◆ **What is being asked**:
In your copy, reproduce each entry exactly and leave out the pictures.
═══ Listed entries ═══
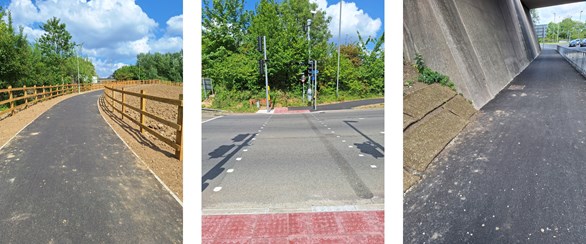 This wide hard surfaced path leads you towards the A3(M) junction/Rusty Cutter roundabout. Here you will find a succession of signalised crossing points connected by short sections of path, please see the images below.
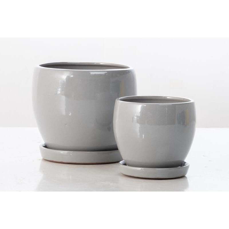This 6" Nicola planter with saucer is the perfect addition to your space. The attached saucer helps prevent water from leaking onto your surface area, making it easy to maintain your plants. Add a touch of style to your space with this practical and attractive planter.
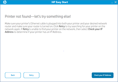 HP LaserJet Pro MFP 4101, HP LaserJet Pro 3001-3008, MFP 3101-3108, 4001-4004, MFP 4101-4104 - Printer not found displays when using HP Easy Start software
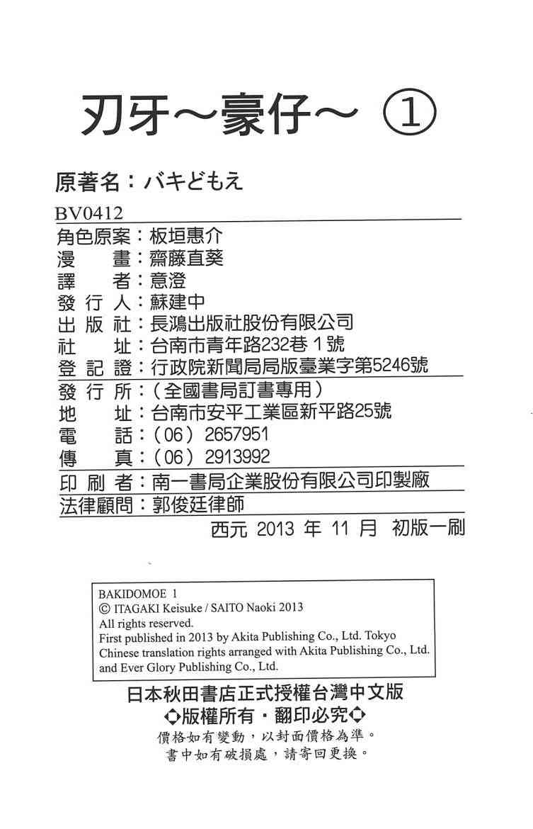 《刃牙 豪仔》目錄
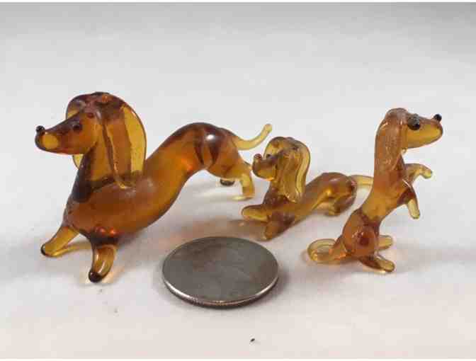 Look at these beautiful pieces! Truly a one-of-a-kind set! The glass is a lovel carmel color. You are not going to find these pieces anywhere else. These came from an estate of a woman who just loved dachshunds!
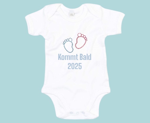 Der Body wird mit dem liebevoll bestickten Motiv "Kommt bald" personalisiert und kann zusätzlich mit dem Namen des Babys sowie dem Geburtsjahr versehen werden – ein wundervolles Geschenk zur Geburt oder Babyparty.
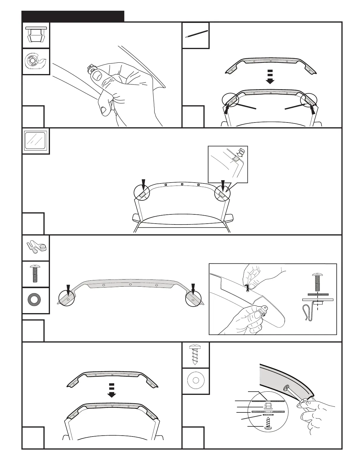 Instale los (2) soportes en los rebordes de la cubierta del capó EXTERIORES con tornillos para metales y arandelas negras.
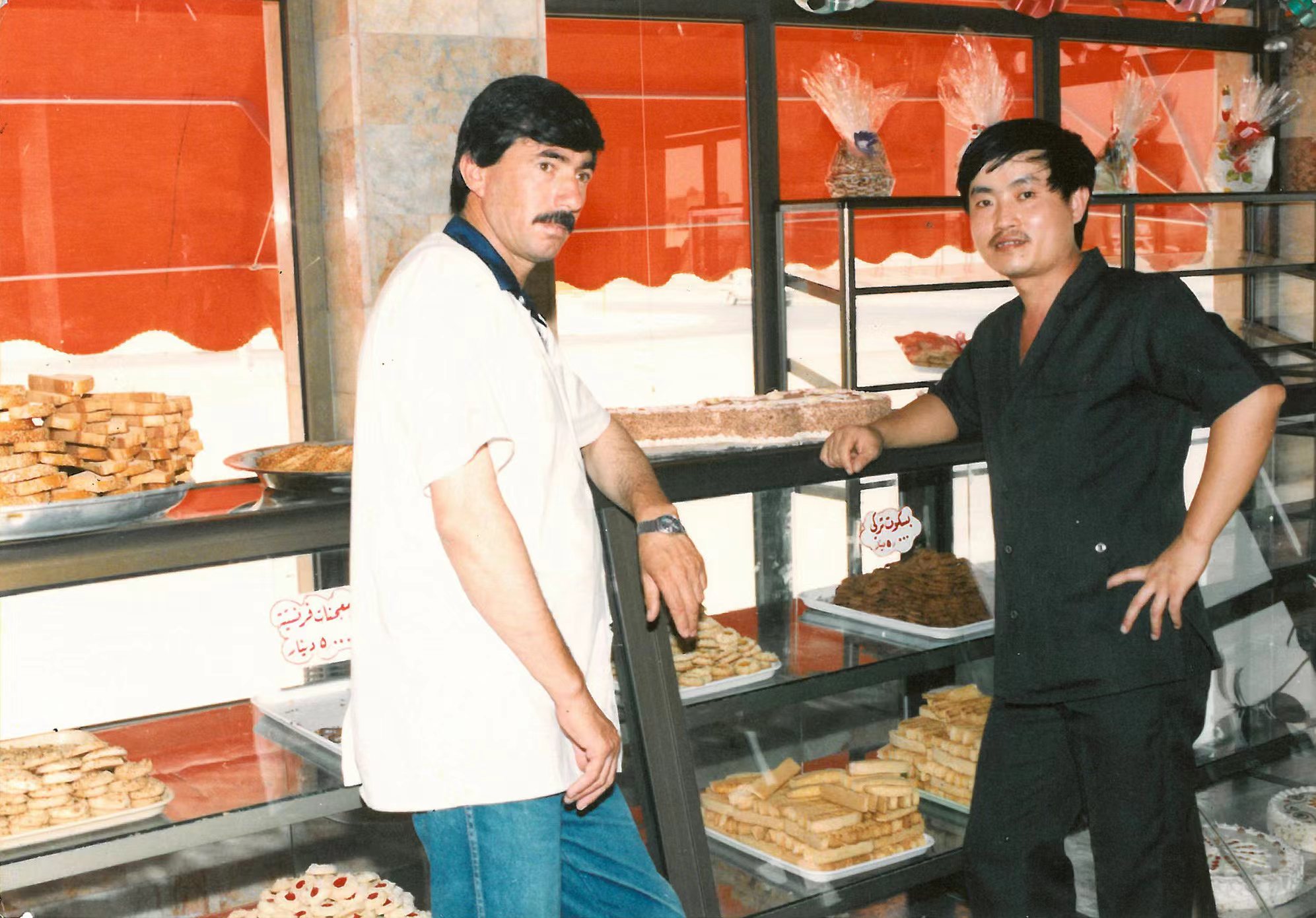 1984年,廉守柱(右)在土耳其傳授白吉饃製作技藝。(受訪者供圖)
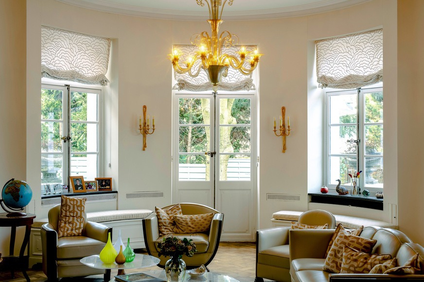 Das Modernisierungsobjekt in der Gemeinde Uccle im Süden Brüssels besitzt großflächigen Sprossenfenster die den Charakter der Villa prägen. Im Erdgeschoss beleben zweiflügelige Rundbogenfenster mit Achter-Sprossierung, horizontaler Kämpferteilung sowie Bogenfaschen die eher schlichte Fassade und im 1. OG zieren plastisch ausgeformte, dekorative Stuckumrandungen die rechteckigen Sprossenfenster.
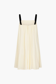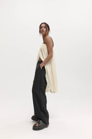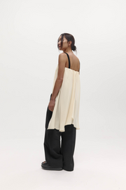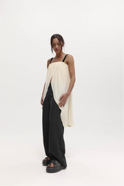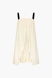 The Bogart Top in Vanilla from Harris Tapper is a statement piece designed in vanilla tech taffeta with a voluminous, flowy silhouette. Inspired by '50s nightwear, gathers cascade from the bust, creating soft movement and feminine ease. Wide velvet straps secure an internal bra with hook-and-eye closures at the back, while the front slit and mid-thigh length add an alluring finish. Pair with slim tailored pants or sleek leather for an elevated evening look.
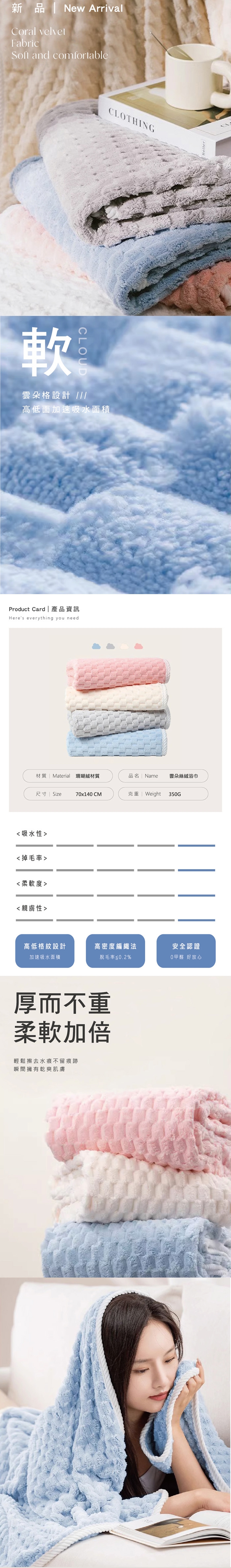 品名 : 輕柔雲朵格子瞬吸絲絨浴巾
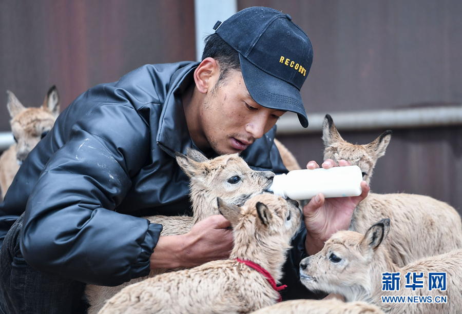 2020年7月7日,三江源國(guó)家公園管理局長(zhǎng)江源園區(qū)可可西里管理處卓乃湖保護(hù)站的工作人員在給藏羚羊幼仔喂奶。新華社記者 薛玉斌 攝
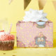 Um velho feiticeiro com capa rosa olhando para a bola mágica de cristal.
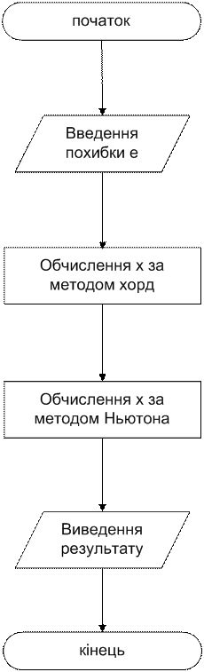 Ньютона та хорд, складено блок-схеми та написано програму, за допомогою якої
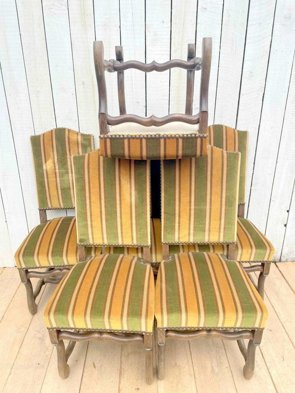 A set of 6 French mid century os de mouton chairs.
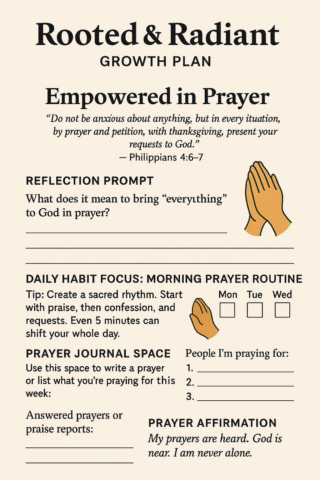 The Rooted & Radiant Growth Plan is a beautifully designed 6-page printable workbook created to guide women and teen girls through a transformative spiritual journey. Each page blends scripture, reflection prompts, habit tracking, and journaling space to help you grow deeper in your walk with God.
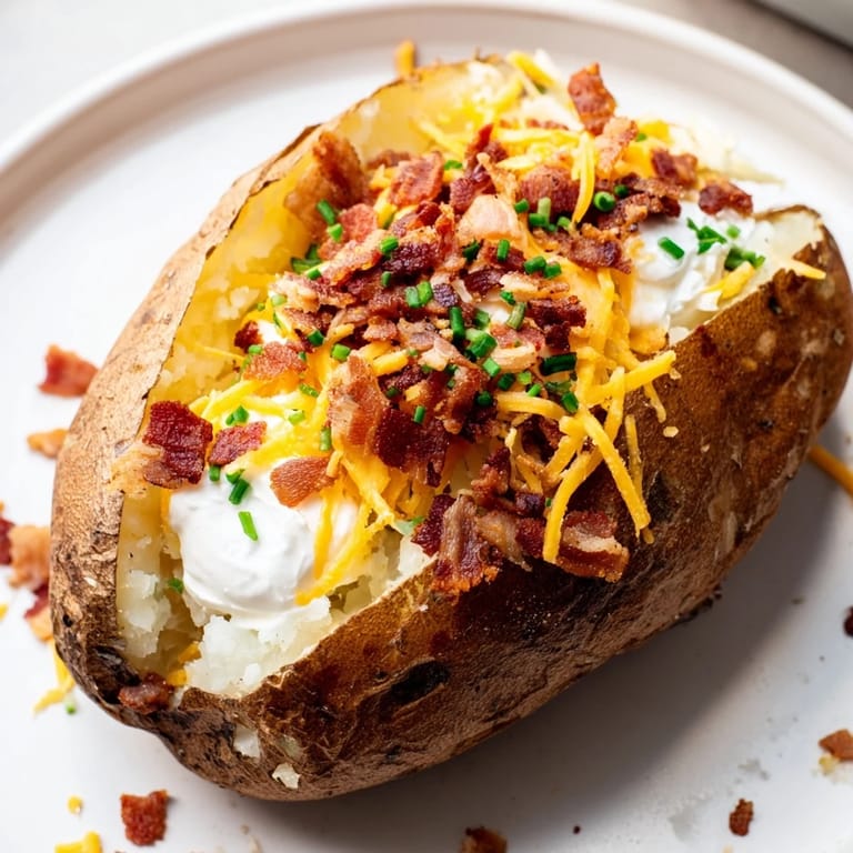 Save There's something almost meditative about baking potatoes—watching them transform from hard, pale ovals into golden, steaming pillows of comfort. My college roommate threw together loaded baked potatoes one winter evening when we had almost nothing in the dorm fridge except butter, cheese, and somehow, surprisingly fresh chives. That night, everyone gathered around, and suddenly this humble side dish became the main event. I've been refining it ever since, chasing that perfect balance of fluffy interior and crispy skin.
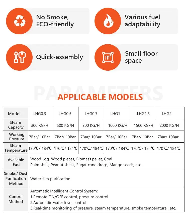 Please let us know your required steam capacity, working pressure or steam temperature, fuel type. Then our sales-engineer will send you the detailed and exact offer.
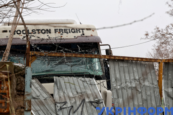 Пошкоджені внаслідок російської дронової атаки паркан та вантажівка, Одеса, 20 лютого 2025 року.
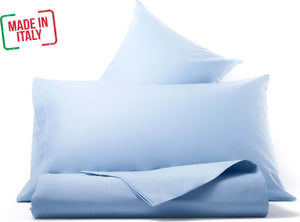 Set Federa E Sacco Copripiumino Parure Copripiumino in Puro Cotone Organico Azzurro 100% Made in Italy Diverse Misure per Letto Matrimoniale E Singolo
═══
◆ **Written solution**:
 This wide hard surfaced path leads you towards the A3(M) junction/Rusty Cutter roundabout. Here you will find a succession of signalised crossing points connected by short sections of path, please see the images below.
This 6" Nicola planter with saucer is the perfect addition to your space. The attached saucer helps prevent water from leaking onto your surface area, making it easy to maintain your plants. Add a touch of style to your space with this practical and attractive planter.
 HP LaserJet Pro MFP 4101, HP LaserJet Pro 3001-3008, MFP 3101-3108, 4001-4004, MFP 4101-4104 - Printer not found displays when using HP Easy Start software
 《刃牙 豪仔》目錄
 Look at these beautiful pieces! Truly a one-of-a-kind set! The glass is a lovel carmel color. You are not going to find these pieces anywhere else. These came from an estate of a woman who just loved dachshunds!
 Der Body wird mit dem liebevoll bestickten Motiv "Kommt bald" personalisiert und kann zusätzlich mit dem Namen des Babys sowie dem Geburtsjahr versehen werden – ein wundervolles Geschenk zur Geburt oder Babyparty.
 Instale los (2) soportes en los rebordes de la cubierta del capó EXTERIORES con tornillos para metales y arandelas negras.
 1984年,廉守柱(右)在土耳其傳授白吉饃製作技藝。(受訪者供圖)
 Das Modernisierungsobjekt in der Gemeinde Uccle im Süden Brüssels besitzt großflächigen Sprossenfenster die den Charakter der Villa prägen. Im Erdgeschoss beleben zweiflügelige Rundbogenfenster mit Achter-Sprossierung, horizontaler Kämpferteilung sowie Bogenfaschen die eher schlichte Fassade und im 1. OG zieren plastisch ausgeformte, dekorative Stuckumrandungen die rechteckigen Sprossenfenster.
 The Bogart Top in Vanilla from Harris Tapper is a statement piece designed in vanilla tech taffeta with a voluminous, flowy silhouette. Inspired by '50s nightwear, gathers cascade from the bust, creating soft movement and feminine ease. Wide velvet straps secure an internal bra with hook-and-eye closures at the back, while the front slit and mid-thigh length add an alluring finish. Pair with slim tailored pants or sleek leather for an elevated evening look.
 品名 : 輕柔雲朵格子瞬吸絲絨浴巾
 2020年7月7日,三江源國(guó)家公園管理局長(zhǎng)江源園區(qū)可可西里管理處卓乃湖保護(hù)站的工作人員在給藏羚羊幼仔喂奶。新華社記者 薛玉斌 攝
 Um velho feiticeiro com capa rosa olhando para a bola mágica de cristal.
 Ньютона та хорд, складено блок-схеми та написано програму, за допомогою якої
 A set of 6 French mid century os de mouton chairs.
 The Rooted & Radiant Growth Plan is a beautifully designed 6-page printable workbook created to guide women and teen girls through a transformative spiritual journey. Each page blends scripture, reflection prompts, habit tracking, and journaling space to help you grow deeper in your walk with God.
 Save There's something almost meditative about baking potatoes—watching them transform from hard, pale ovals into golden, steaming pillows of comfort. My college roommate threw together loaded baked potatoes one winter evening when we had almost nothing in the dorm fridge except butter, cheese, and somehow, surprisingly fresh chives. That night, everyone gathered around, and suddenly this humble side dish became the main event. I've been refining it ever since, chasing that perfect balance of fluffy interior and crispy skin.
 Please let us know your required steam capacity, working pressure or steam temperature, fuel type. Then our sales-engineer will send you the detailed and exact offer.
 Пошкоджені внаслідок російської дронової атаки паркан та вантажівка, Одеса, 20 лютого 2025 року.
 Set Federa E Sacco Copripiumino Parure Copripiumino in Puro Cotone Organico Azzurro 100% Made in Italy Diverse Misure per Letto Matrimoniale E Singolo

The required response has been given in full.